TASK PROMPT
Your task is to give the listing below back word for word, pictures excluded.

STORED DATA below:

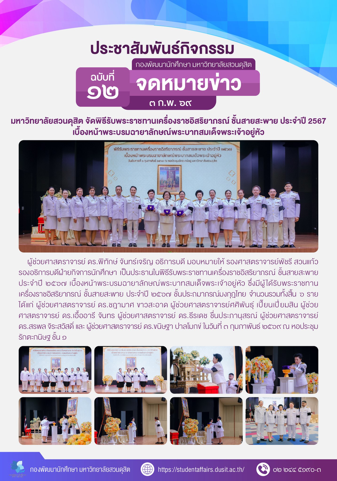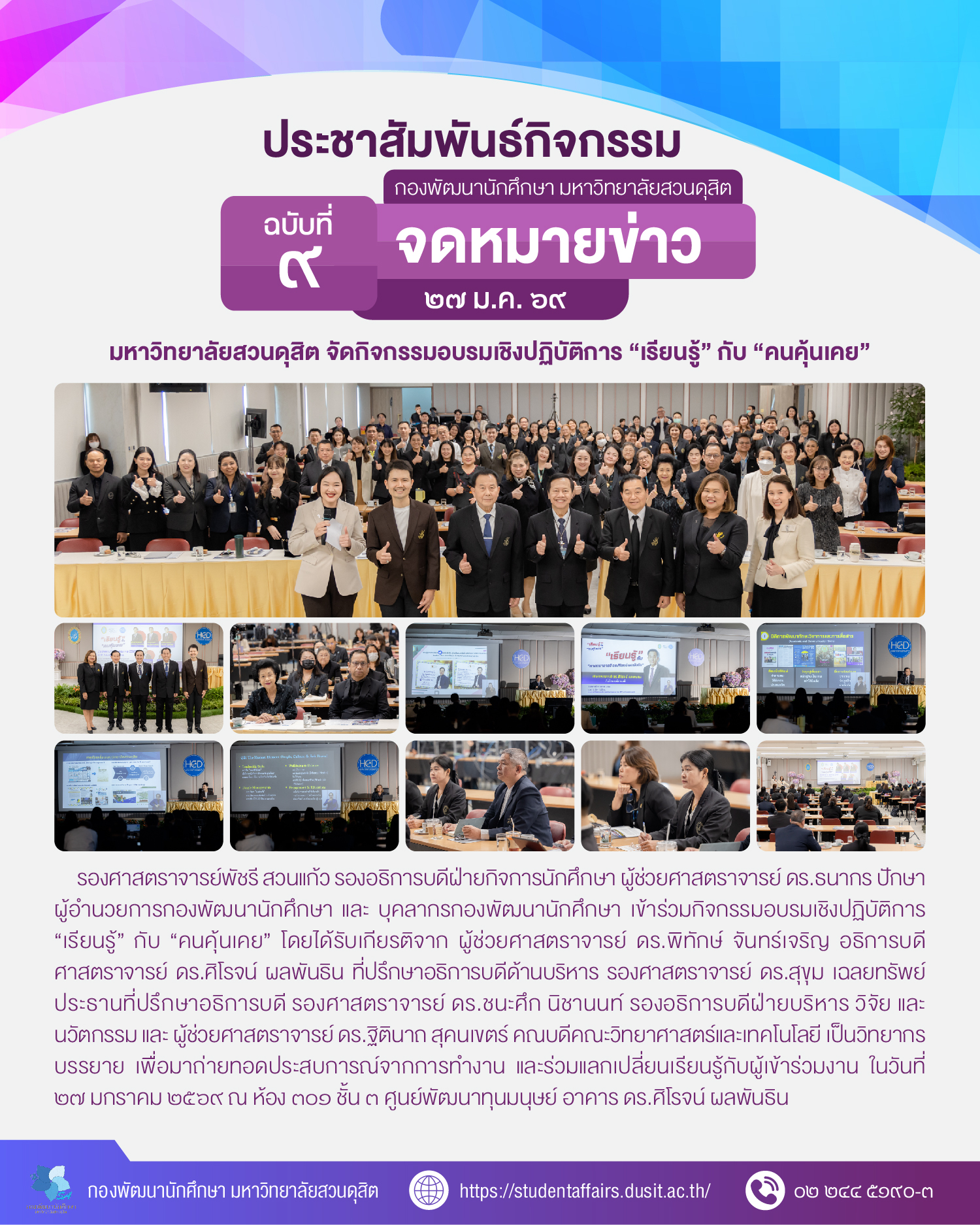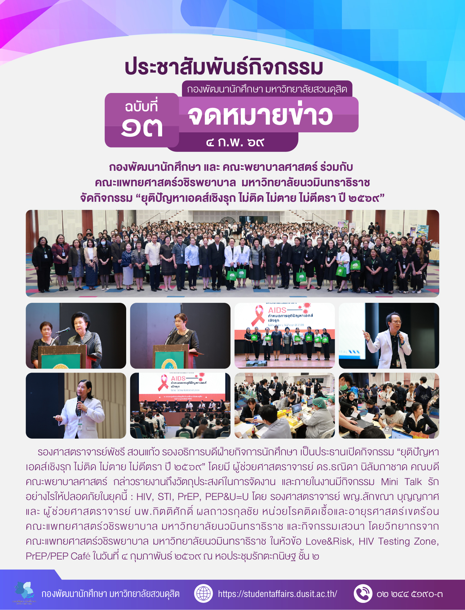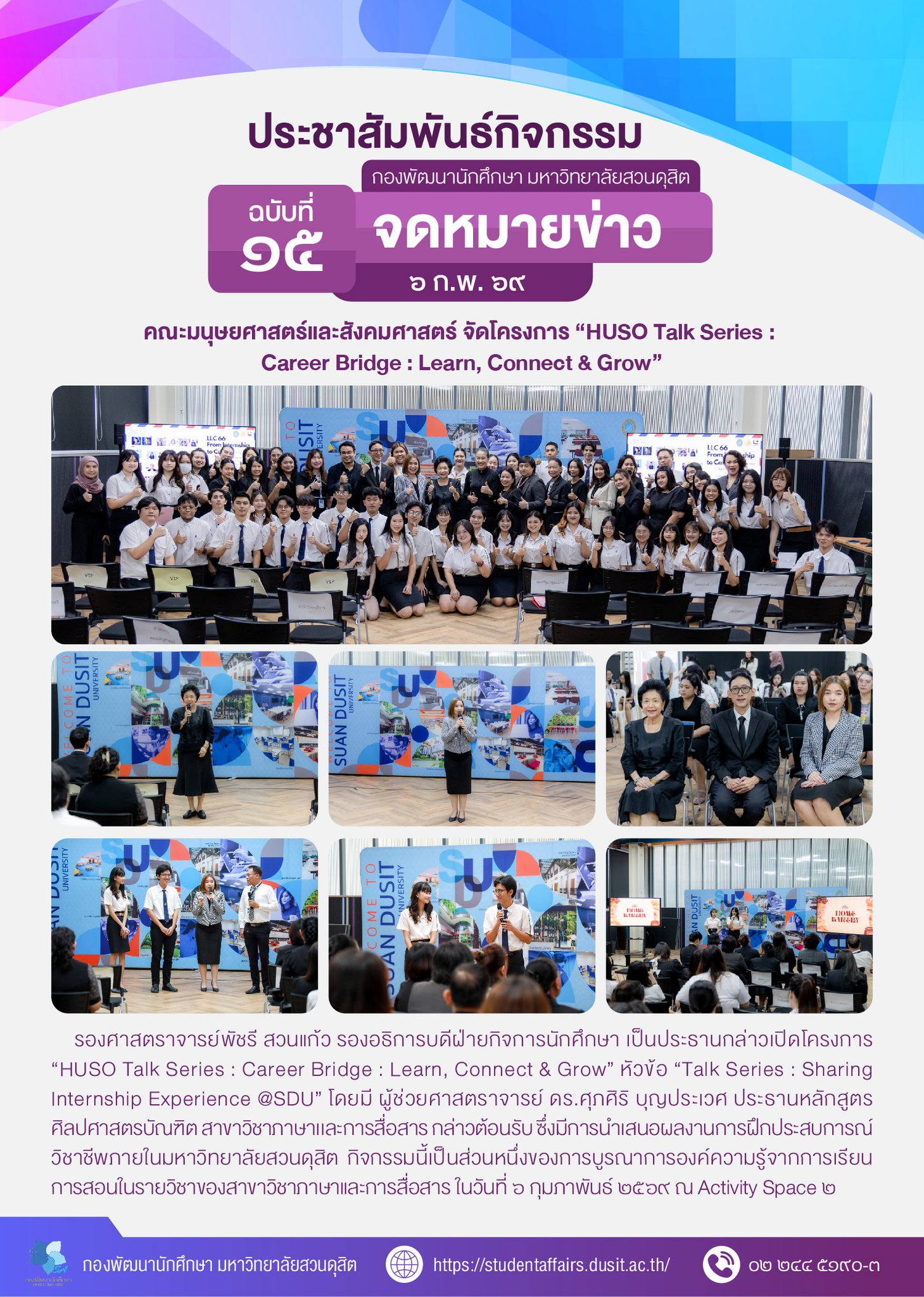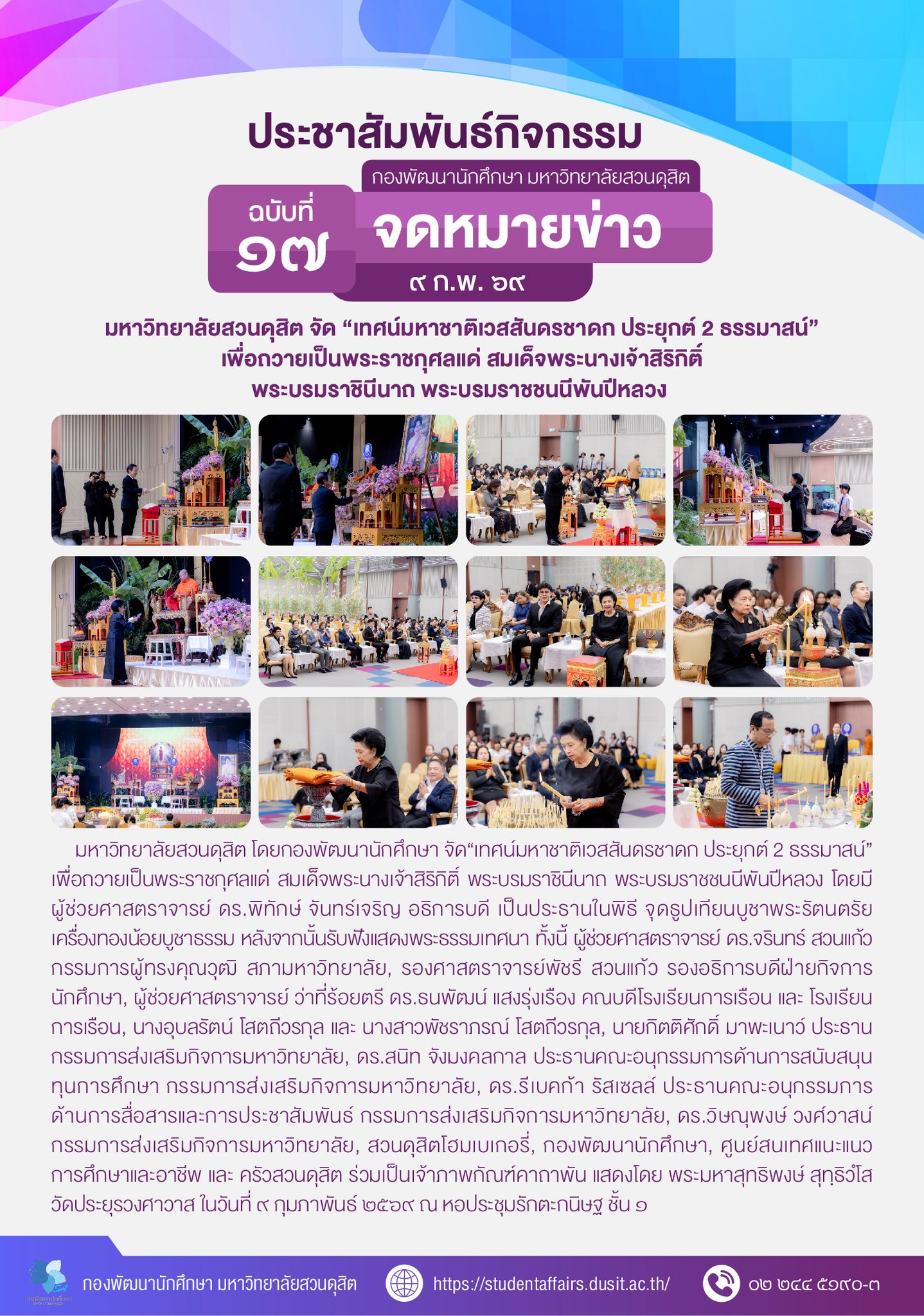 ดูรายละเอรียดรายดูรายละเอียด บริการนักศึกษา Read more ชมรม Read more หอพักใกล้มหาวิทยาลัย Read more ข่าวประชาสัมพันธ์ ภาพข่าวกิจกรรม นักศึกษาสวนดุสิตร่วมปฏิบัติงานคณะกรรมการประจำหน่วยเลือกตั้งPosted on February 20, 2026“อิ่มท้องสมองแล่น เฟส ๕ : อิ่ม ๔ ภาค”Posted on February 20, 2026เทศน์มหาชาติเวสสันดรชาดก ประยุกต์ 2 ธรรมาสน์Posted on February 11, 2026ทำบุญต้อนรับปีใหม่ ๒๕๖๙ สำนักวิทยบริการและเทคโนโลยีสารสนเทศPosted on February 11, 2026HUSO Talk Series : Career Bridge : Learn, Connect & GrowPosted on February 11, 2026SDU JOB FAIR 2026 Season 2Posted on February 11, 2026 Read more จดหมายข่าว กองพัฒนานักศึกษา (อาคาร 2 ชั้น 3)มหาวิทยาลัยสวนดุสิต 295 ถนนนครราชสีมา ดุสิต กรุงเทพมหานคร 10300 : 0 2244-5190-3 : studentaffairs@dusit.ac.th : กองพัฒนานักศึกษา มหาวิทยาลัยสวนดุสิต
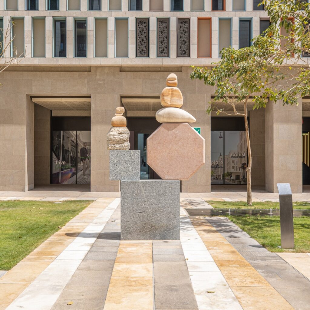 Osan: Tawazun represents the balance between Qatar’s heritage and modernity. Achieving the precise alignment of granite, sandstone, and limestone was a major challenge. Collaborating with artist Shua’a Ali, we ensured the sculpture embodied symbolic equilibrium.
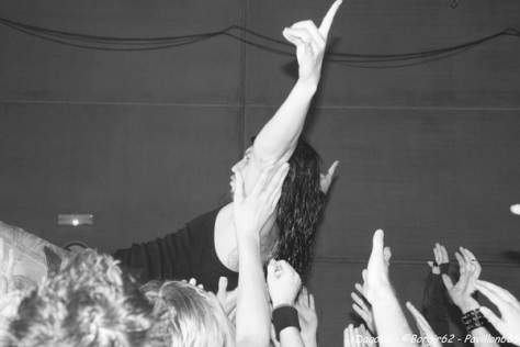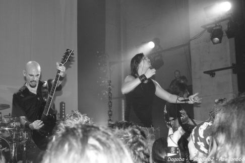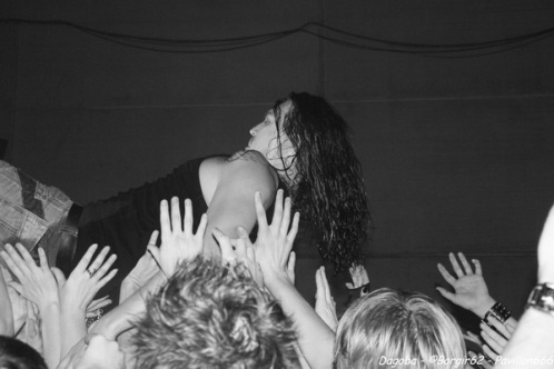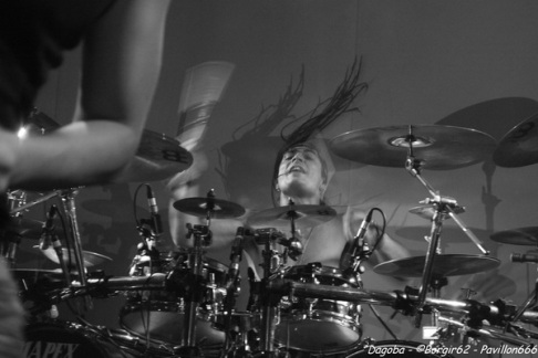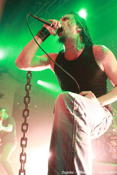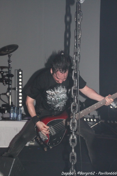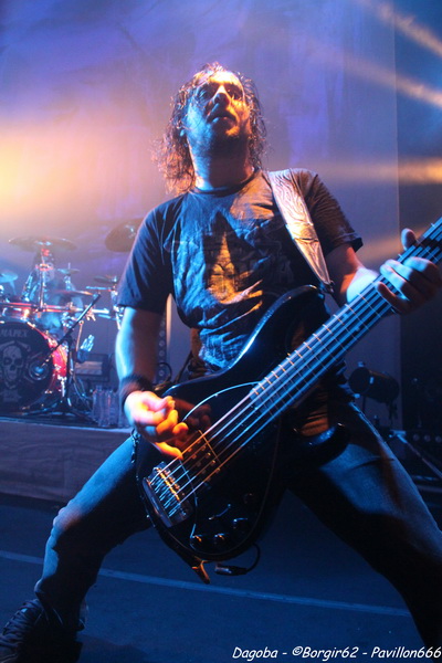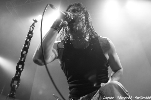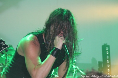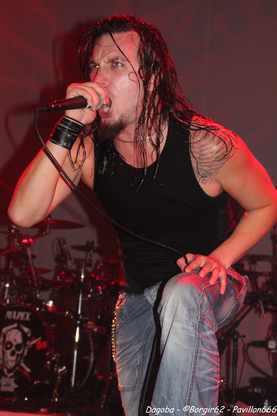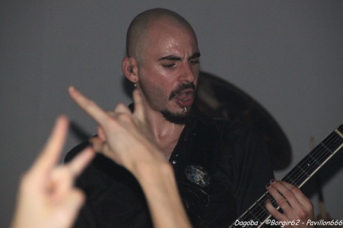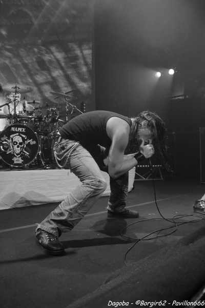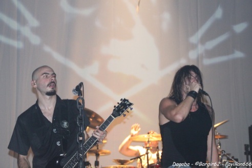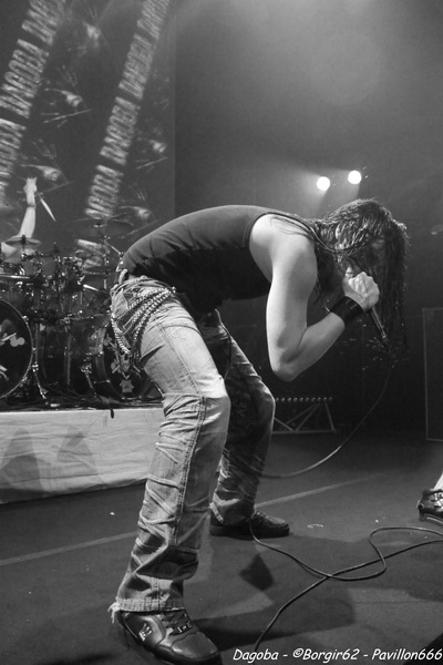 Les lumières s’éteignent, et enfin ils débarquent. Franky pénètre en premier sur scène et a le droit à une ovation. C’est sur l’intro « Dracula » que le quatuor marseillais ouvre ce concert, puis « There’s Blood Offshore » libère un public qui n’attendait que les premières notes pour mettre le feu à cette salle. Dagoba enchaîne les dates suite à la sortie de leur dernier opus « Poseidon », et on aurait pu s’attendre à voir un show basé sur celui-ci, mais Dagoba n’oublie pas ses classiques, et c’est ainsi que l’on enchaîne avec l’exceptionnelle « The Man You’re Not ». L’ambiance monte d’un cran, aussi bien dans le public que sur scène et les pogos se multiplient. Ce n’est pas Black Smokers qui va faire retomber tout ça. Franky et Shawter s’adressent au public afin de faire monter la température dans une salle déjà bien bouillonnante. Le public, réceptif, s’en donne à cœur joie, et les circles pits et wall of death font leur apparition quand les phocéens revisitent leurs deux précédents albums avec des morceaux comme « The Nightfall And All Its Mistakes », « The Fall Of Men » et la toujours très appréciable (et très appréciée) « It’s All About Time ». Puis, retour à Poseidon, avec quatre morceaux dont Degree Zero et I Sea Red, qui terminera le show, dans une ambiance du feu de Dieu. Est-ce cette ambiance qui couvre la voix de Werther ou simplement un micro mal réglé ? En tout cas, Shawter et Izakar sont parfaitement audibles, et en profitent pour haranguer la foule. Shawter se livrera même à un slam, symbole même d’un groupe qui aime son public et qui lui montre.
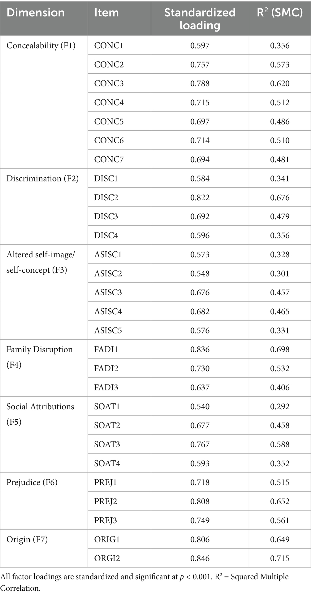 A central challenge in this study was navigating the tension between achieving optimal statistical fit and preserving the theoretical and cross-cultural integrity of the BCSAS. Cross-cultural validation research inherently involves balancing two objectives: (1) cultural appropriateness (emic validity)—ensuring the instrument resonates with local cultural meanings; and (2) cross-cultural comparability (etic validity)—maintaining structural equivalence to enable valid international comparisons (van de Vijver and Leung, 2021). The observed fit indices (χ2/df = 4.446, CFI = 0.829, TLI = 0.800, RMSEA = 0.083) can be interpreted as either model misspecification requiring structural revision, or as genuine cultural variation in stigma phenomenology that should be described rather than “corrected.” We adopted the latter interpretation for several reasons.

End of STORED DATA.

PROBLEM SOLUTION
 ดูรายละเอรียดรายดูรายละเอียด บริการนักศึกษา Read more ชมรม Read more หอพักใกล้มหาวิทยาลัย Read more ข่าวประชาสัมพันธ์ ภาพข่าวกิจกรรม นักศึกษาสวนดุสิตร่วมปฏิบัติงานคณะกรรมการประจำหน่วยเลือกตั้งPosted on February 20, 2026“อิ่มท้องสมองแล่น เฟส ๕ : อิ่ม ๔ ภาค”Posted on February 20, 2026เทศน์มหาชาติเวสสันดรชาดก ประยุกต์ 2 ธรรมาสน์Posted on February 11, 2026ทำบุญต้อนรับปีใหม่ ๒๕๖๙ สำนักวิทยบริการและเทคโนโลยีสารสนเทศPosted on February 11, 2026HUSO Talk Series : Career Bridge : Learn, Connect & GrowPosted on February 11, 2026SDU JOB FAIR 2026 Season 2Posted on February 11, 2026 Read more จดหมายข่าว กองพัฒนานักศึกษา (อาคาร 2 ชั้น 3)มหาวิทยาลัยสวนดุสิต 295 ถนนนครราชสีมา ดุสิต กรุงเทพมหานคร 10300 : 0 2244-5190-3 : studentaffairs@dusit.ac.th : กองพัฒนานักศึกษา มหาวิทยาลัยสวนดุสิต
 Osan: Tawazun represents the balance between Qatar’s heritage and modernity. Achieving the precise alignment of granite, sandstone, and limestone was a major challenge. Collaborating with artist Shua’a Ali, we ensured the sculpture embodied symbolic equilibrium.
 Les lumières s’éteignent, et enfin ils débarquent. Franky pénètre en premier sur scène et a le droit à une ovation. C’est sur l’intro « Dracula » que le quatuor marseillais ouvre ce concert, puis « There’s Blood Offshore » libère un public qui n’attendait que les premières notes pour mettre le feu à cette salle. Dagoba enchaîne les dates suite à la sortie de leur dernier opus « Poseidon », et on aurait pu s’attendre à voir un show basé sur celui-ci, mais Dagoba n’oublie pas ses classiques, et c’est ainsi que l’on enchaîne avec l’exceptionnelle « The Man You’re Not ». L’ambiance monte d’un cran, aussi bien dans le public que sur scène et les pogos se multiplient. Ce n’est pas Black Smokers qui va faire retomber tout ça. Franky et Shawter s’adressent au public afin de faire monter la température dans une salle déjà bien bouillonnante. Le public, réceptif, s’en donne à cœur joie, et les circles pits et wall of death font leur apparition quand les phocéens revisitent leurs deux précédents albums avec des morceaux comme « The Nightfall And All Its Mistakes », « The Fall Of Men » et la toujours très appréciable (et très appréciée) « It’s All About Time ». Puis, retour à Poseidon, avec quatre morceaux dont Degree Zero et I Sea Red, qui terminera le show, dans une ambiance du feu de Dieu. Est-ce cette ambiance qui couvre la voix de Werther ou simplement un micro mal réglé ? En tout cas, Shawter et Izakar sont parfaitement audibles, et en profitent pour haranguer la foule. Shawter se livrera même à un slam, symbole même d’un groupe qui aime son public et qui lui montre.
 A central challenge in this study was navigating the tension between achieving optimal statistical fit and preserving the theoretical and cross-cultural integrity of the BCSAS. Cross-cultural validation research inherently involves balancing two objectives: (1) cultural appropriateness (emic validity)—ensuring the instrument resonates with local cultural meanings; and (2) cross-cultural comparability (etic validity)—maintaining structural equivalence to enable valid international comparisons (van de Vijver and Leung, 2021). The observed fit indices (χ2/df = 4.446, CFI = 0.829, TLI = 0.800, RMSEA = 0.083) can be interpreted as either model misspecification requiring structural revision, or as genuine cultural variation in stigma phenomenology that should be described rather than “corrected.” We adopted the latter interpretation for several reasons.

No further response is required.